» Records from a dataset:

-------------------------

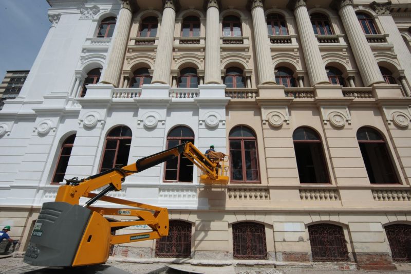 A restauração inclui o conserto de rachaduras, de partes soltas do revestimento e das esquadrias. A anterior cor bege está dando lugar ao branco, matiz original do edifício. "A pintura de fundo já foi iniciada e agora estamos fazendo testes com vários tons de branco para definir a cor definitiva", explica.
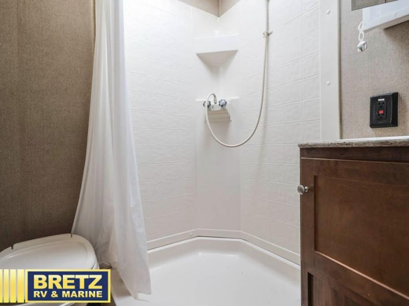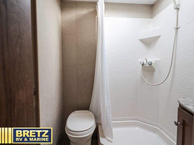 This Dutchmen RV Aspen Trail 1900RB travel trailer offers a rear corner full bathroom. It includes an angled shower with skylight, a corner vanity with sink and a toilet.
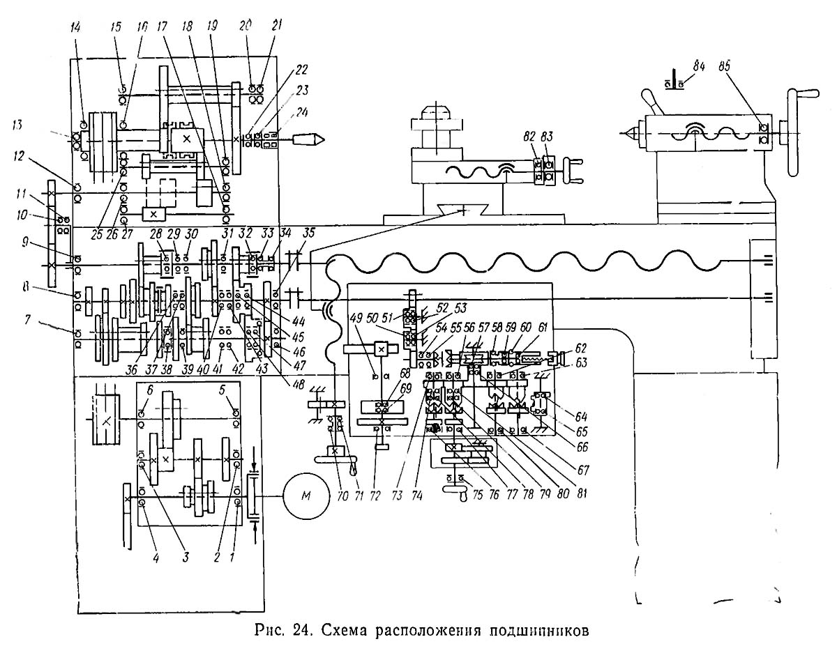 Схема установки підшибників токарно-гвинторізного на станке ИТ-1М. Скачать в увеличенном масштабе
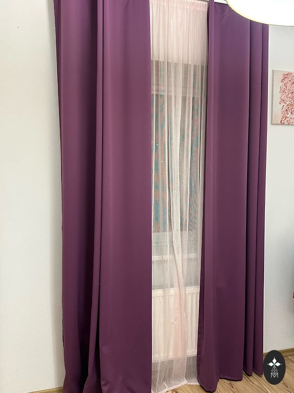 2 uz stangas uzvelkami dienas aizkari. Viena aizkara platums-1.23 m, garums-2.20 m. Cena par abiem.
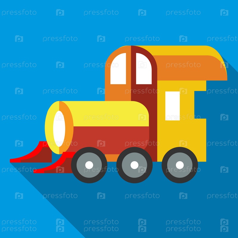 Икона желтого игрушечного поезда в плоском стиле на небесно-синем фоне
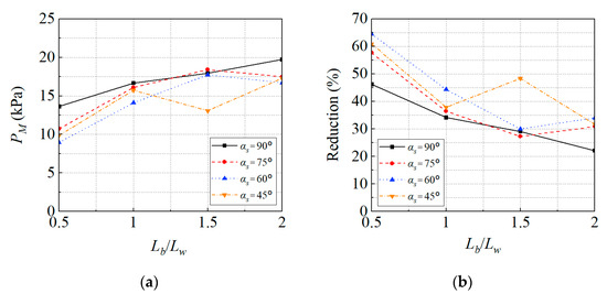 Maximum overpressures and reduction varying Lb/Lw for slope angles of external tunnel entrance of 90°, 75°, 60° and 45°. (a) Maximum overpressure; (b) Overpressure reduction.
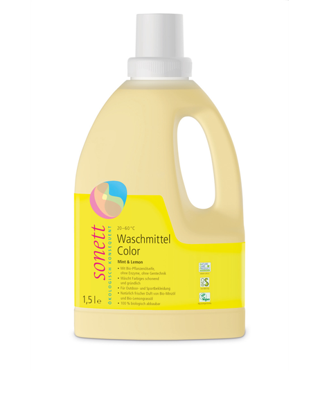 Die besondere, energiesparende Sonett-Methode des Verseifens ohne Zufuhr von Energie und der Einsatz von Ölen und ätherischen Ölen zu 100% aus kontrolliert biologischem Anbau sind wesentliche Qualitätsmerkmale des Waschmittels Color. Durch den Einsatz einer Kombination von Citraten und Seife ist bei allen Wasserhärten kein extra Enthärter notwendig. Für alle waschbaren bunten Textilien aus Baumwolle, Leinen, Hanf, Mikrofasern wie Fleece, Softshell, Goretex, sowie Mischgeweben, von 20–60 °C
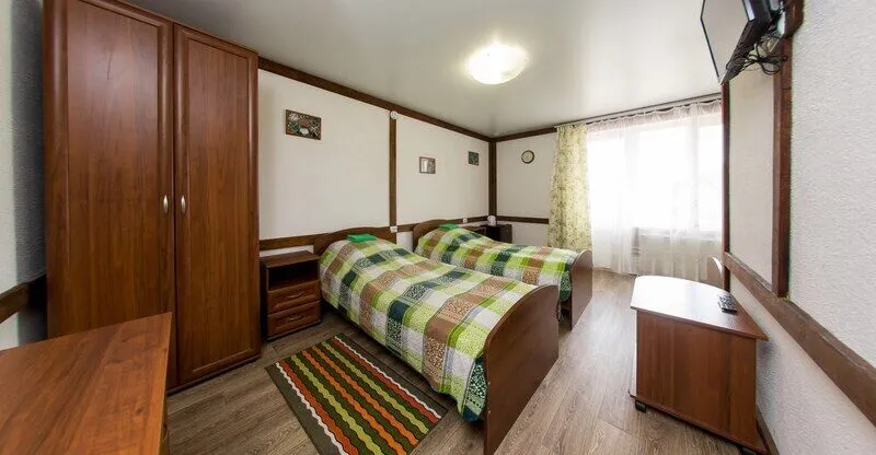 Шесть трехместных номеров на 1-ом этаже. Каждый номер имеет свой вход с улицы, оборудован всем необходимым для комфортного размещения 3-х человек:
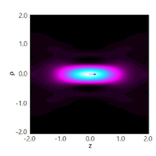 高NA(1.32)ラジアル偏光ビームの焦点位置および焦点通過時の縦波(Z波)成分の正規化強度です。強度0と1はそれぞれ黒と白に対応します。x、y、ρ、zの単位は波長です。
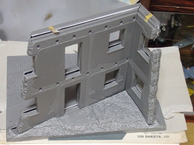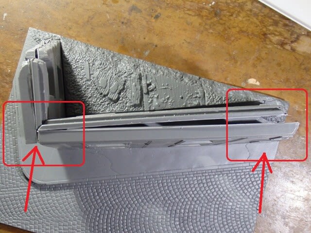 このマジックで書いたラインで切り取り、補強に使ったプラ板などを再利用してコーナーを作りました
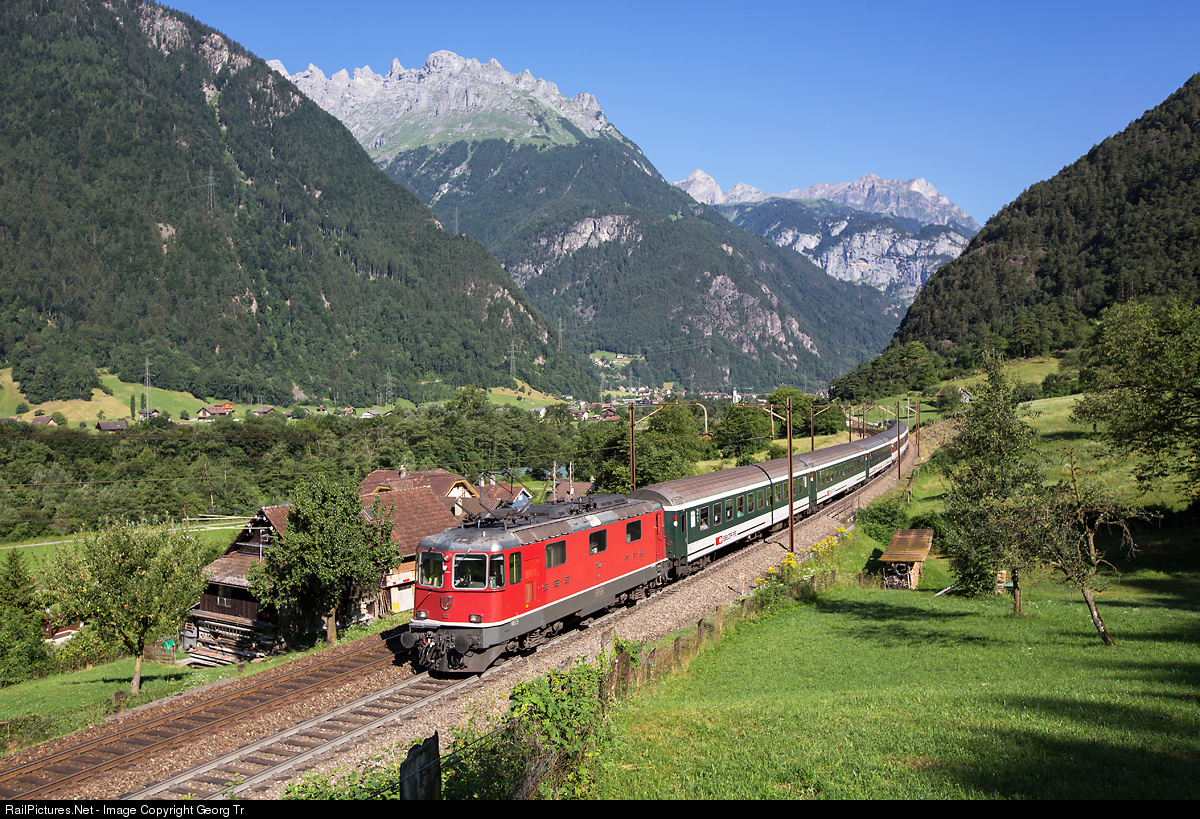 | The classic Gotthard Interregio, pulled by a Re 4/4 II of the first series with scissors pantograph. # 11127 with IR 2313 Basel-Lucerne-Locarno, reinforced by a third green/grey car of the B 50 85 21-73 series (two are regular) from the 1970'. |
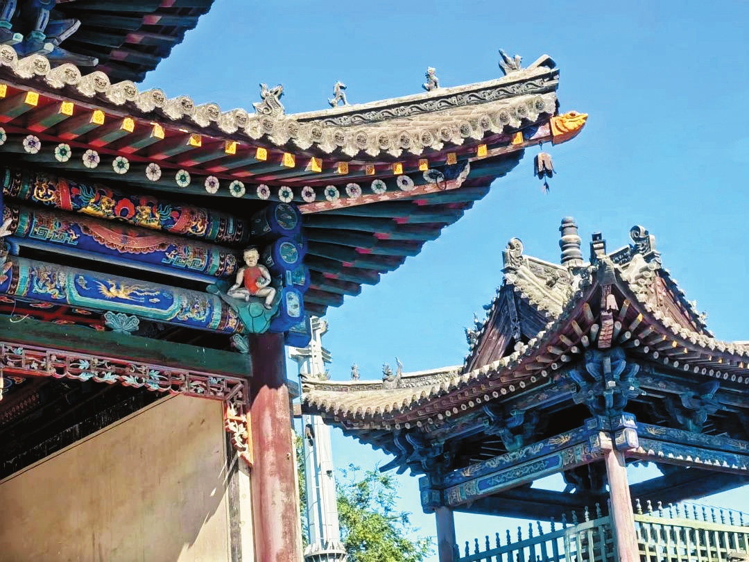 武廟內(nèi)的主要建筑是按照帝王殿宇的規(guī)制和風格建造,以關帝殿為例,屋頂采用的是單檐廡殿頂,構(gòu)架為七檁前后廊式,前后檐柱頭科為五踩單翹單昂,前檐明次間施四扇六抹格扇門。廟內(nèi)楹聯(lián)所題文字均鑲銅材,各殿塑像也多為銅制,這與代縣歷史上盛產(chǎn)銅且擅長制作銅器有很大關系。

-------------------------

» Task description:
Exactly as written, give the entries above again, with no images.

» Solution to the exercise:
 A restauração inclui o conserto de rachaduras, de partes soltas do revestimento e das esquadrias. A anterior cor bege está dando lugar ao branco, matiz original do edifício. "A pintura de fundo já foi iniciada e agora estamos fazendo testes com vários tons de branco para definir a cor definitiva", explica.
 This Dutchmen RV Aspen Trail 1900RB travel trailer offers a rear corner full bathroom. It includes an angled shower with skylight, a corner vanity with sink and a toilet.
 Схема установки підшибників токарно-гвинторізного на станке ИТ-1М. Скачать в увеличенном масштабе
 2 uz stangas uzvelkami dienas aizkari. Viena aizkara platums-1.23 m, garums-2.20 m. Cena par abiem.
 Икона желтого игрушечного поезда в плоском стиле на небесно-синем фоне
 Maximum overpressures and reduction varying Lb/Lw for slope angles of external tunnel entrance of 90°, 75°, 60° and 45°. (a) Maximum overpressure; (b) Overpressure reduction.
 Die besondere, energiesparende Sonett-Methode des Verseifens ohne Zufuhr von Energie und der Einsatz von Ölen und ätherischen Ölen zu 100% aus kontrolliert biologischem Anbau sind wesentliche Qualitätsmerkmale des Waschmittels Color. Durch den Einsatz einer Kombination von Citraten und Seife ist bei allen Wasserhärten kein extra Enthärter notwendig. Für alle waschbaren bunten Textilien aus Baumwolle, Leinen, Hanf, Mikrofasern wie Fleece, Softshell, Goretex, sowie Mischgeweben, von 20–60 °C
 Шесть трехместных номеров на 1-ом этаже. Каждый номер имеет свой вход с улицы, оборудован всем необходимым для комфортного размещения 3-х человек:
 高NA(1.32)ラジアル偏光ビームの焦点位置および焦点通過時の縦波(Z波)成分の正規化強度です。強度0と1はそれぞれ黒と白に対応します。x、y、ρ、zの単位は波長です。
 このマジックで書いたラインで切り取り、補強に使ったプラ板などを再利用してコーナーを作りました
 | The classic Gotthard Interregio, pulled by a Re 4/4 II of the first series with scissors pantograph. # 11127 with IR 2313 Basel-Lucerne-Locarno, reinforced by a third green/grey car of the B 50 85 21-73 series (two are regular) from the 1970'. |
 武廟內(nèi)的主要建筑是按照帝王殿宇的規(guī)制和風格建造,以關帝殿為例,屋頂采用的是單檐廡殿頂,構(gòu)架為七檁前后廊式,前后檐柱頭科為五踩單翹單昂,前檐明次間施四扇六抹格扇門。廟內(nèi)楹聯(lián)所題文字均鑲銅材,各殿塑像也多為銅制,這與代縣歷史上盛產(chǎn)銅且擅長制作銅器有很大關系。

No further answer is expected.